Another investigating party looked at the gender impact on the outcomes of critically ill patients with nosocomial infections [11]. It was a retrospective study based in an 18-bed general ICU. Multivariable logistic regression analysis was used to control for confounders in the evaluation of gender impact on ICU death post-nosocomial infections. Over 5,000 patient admissions were studied and the conclusion was that female ICU patients developing nosocomial infections seem to be at increased risk of ICU mortality, after carefully controlling for other prognostic factors. Further studies are needed to elucidate the pathophysiology underlying this gender-related difference, to devise tailored gender-specific therapies that might improve outcomes.

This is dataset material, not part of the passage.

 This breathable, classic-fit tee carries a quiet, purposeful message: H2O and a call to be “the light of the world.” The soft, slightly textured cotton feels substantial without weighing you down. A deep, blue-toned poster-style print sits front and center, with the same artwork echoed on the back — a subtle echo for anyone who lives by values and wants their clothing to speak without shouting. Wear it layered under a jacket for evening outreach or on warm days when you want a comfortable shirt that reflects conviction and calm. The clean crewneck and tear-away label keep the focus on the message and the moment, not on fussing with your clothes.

Alberda and colleagues [12] published a multicentre observational study examining the relationship between the amount of energy and protein administered during ICU stay and clinical outcomes in critically ill patients, and the extent to which pre-morbid nutritional status influenced this relationship. The type and amount of nutrition received were recorded daily for a maximum of 12 days. Patients were followed prospectively to determine 60-day mortality and ventilator-free days. Data were collected on 2,772 mechanically ventilated patients who received an average of 1,034 kcal/day and 47 g protein/day. An increase of 1,000 cal/day was associated with reduced mortality. The effect of increased calories associated with lower mortality was observed in patients with a body mass index <25 and ≥35 with no benefit for patients with a body mass index of 25 to <35. Similar results were observed when comparing increased protein intake and its effect on mortality. Perhaps this is an intervention ICUs would want to seriously consider.

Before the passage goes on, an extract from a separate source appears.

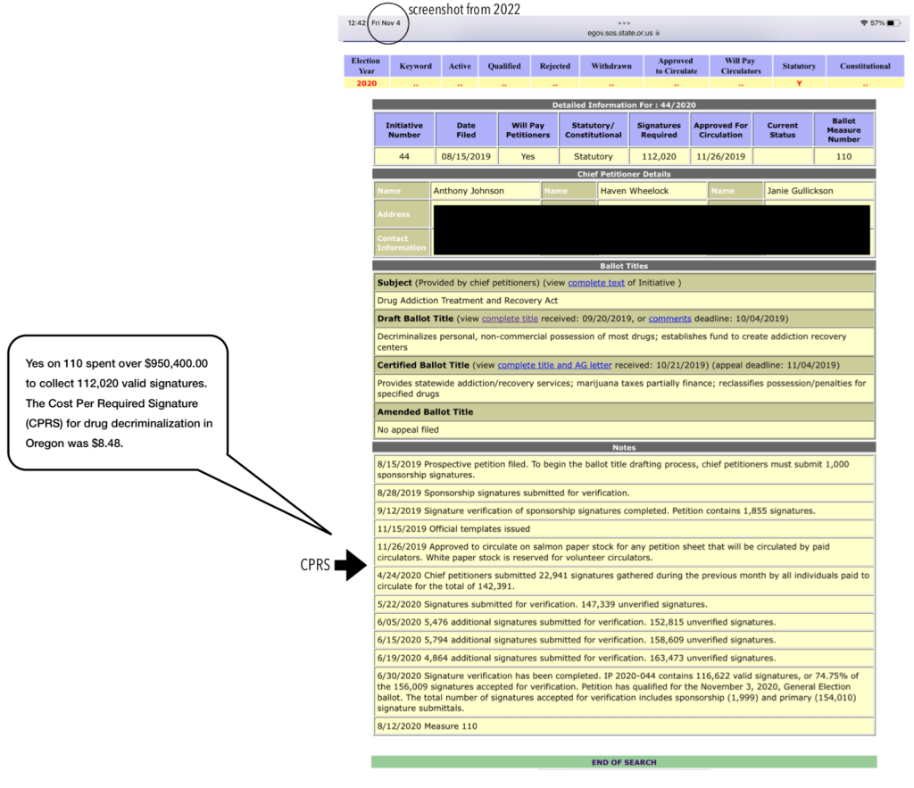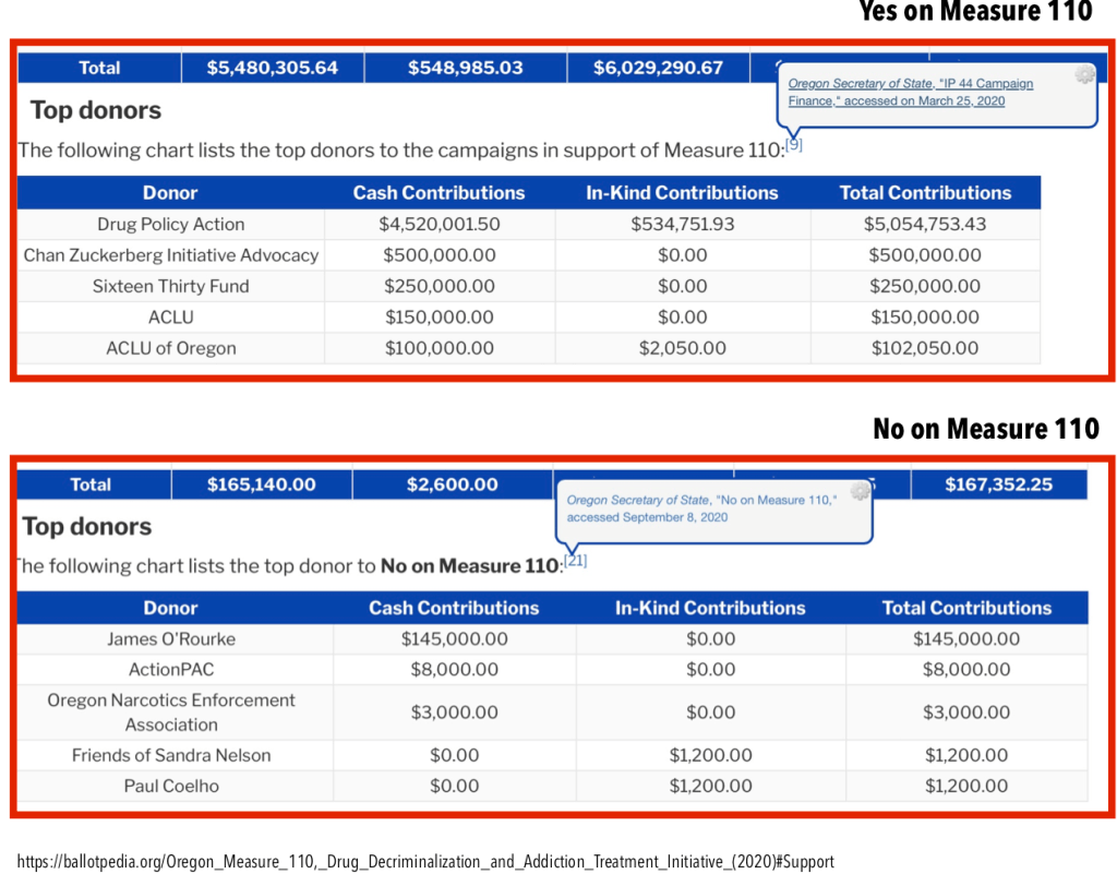 For starters, Oregon has a low-threshold ballot measure system (see more below). And money. A LOT OF MONEY. Measure 110 backers spent over $6 million.

Acute kidney injury (AKI) has been the subject of NCEPOD (National Confidential Enquiry into Patient Outcome and Death) interest recently and data into provision of care and outcomes have been published [13]. French investigators Floccard and colleagues [14] have looked into 6-month outcomes from AKI requiring renal replacement therapy (RRT) in the ICU. AKI was defined by the RIFLE score. Quality of life was assessed using the Short Form Health Survey (SF-36) questionnaire. The results indicated that patients who received RRT for AKI had a high mortality rate 6 months after RRT finished. Survivors (38%) at follow-up had a lower level of quality of life compared to a reference population, and their physical health was more affected than their mental health. Most of the patients were independent in daily activities and returned home. Twelve percent of survivors were still receiving RRT at follow-up.

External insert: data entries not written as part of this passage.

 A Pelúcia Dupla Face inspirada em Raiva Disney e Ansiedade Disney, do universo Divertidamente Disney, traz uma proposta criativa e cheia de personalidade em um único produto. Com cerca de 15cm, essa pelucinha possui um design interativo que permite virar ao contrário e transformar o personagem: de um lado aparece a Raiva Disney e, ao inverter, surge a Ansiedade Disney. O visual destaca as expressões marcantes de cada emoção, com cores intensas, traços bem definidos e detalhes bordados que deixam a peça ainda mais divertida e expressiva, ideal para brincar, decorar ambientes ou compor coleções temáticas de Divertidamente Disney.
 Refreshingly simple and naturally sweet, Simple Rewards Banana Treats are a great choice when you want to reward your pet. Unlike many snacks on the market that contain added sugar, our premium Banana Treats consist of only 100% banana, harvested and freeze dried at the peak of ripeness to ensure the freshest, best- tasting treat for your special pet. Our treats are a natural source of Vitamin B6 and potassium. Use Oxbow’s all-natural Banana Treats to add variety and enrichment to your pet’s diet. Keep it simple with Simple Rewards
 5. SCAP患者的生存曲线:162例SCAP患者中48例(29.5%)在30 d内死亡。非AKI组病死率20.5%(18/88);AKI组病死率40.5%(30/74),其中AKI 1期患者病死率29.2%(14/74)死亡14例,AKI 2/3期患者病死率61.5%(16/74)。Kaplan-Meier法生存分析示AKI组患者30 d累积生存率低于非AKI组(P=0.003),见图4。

Acute necrotising pancreatitis is a serious condition with a high mortality rate [15]. A recent prospective study [16] assessed quality of life outcomes in 31 patients. Survivors (68%) were assessed at 3, 6 and 12 months following hospital discharge by an investigator blinded to their previous treatment. Health related quality of life was assessed by the Short Form Health Survey (SF-36) questionnaire and functional outcome by the six-minute walk test. They concluded that, in the first year after the insult, patients showed improvement in their physical components of quality of life and in their physical function, but their outcome at 12 months was still poor compared to the general population. This patient group in particular may benefit from a structured rehabilitation programme continuing after hospital discharge.

Abbreviations

AKI: acute kidney injury; COPD: chronic obstructive pulmonary disease; NAC: N-acetylcysteine; RRT: renal replacement therapy.

Competing interests

The authors declare that they have no competing interests.